## Your objective
Reproduce the listing below word for word and exclude any picture.
** Provided material follows **
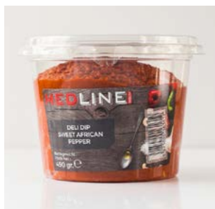
MEDLINE SWEET AFRICAN PEPPER
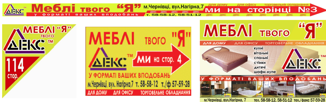
Рис. 3. Макети рекламних оголошень виробника меблів ТМ «ДЕКС» для розміщення у ділових виданнях Буковини*

Реклама у ділових виданнях Буковини. Ділові видання є обов'язковим місцем розміщення реклами. Коли споживач шукає певний товар чи фірму, він обов'язково звертатиметься до рекламно-інформаційних видань. Інші носії забезпечать впізнаваність, а більш повну інформацію споживач отримає саме з друкованого видання. Більшість рекламодавців прагнуть потрапити на титульні та останню сторінки обкладинки журналу, й це правильно, оскільки імовірність контакту із споживачем тут найвища.
** End of Provided material **
## Answer to this task
MEDLINE SWEET AFRICAN PEPPER
Рис. 3. Макети рекламних оголошень виробника меблів ТМ «ДЕКС» для розміщення у ділових виданнях Буковини*

Реклама у ділових виданнях Буковини. Ділові видання є обов'язковим місцем розміщення реклами. Коли споживач шукає певний товар чи фірму, він обов'язково звертатиметься до рекламно-інформаційних видань. Інші носії забезпечать впізнаваність, а більш повну інформацію споживач отримає саме з друкованого видання. Більшість рекламодавців прагнуть потрапити на титульні та останню сторінки обкладинки журналу, й це правильно, оскільки імовірність контакту із споживачем тут найвища.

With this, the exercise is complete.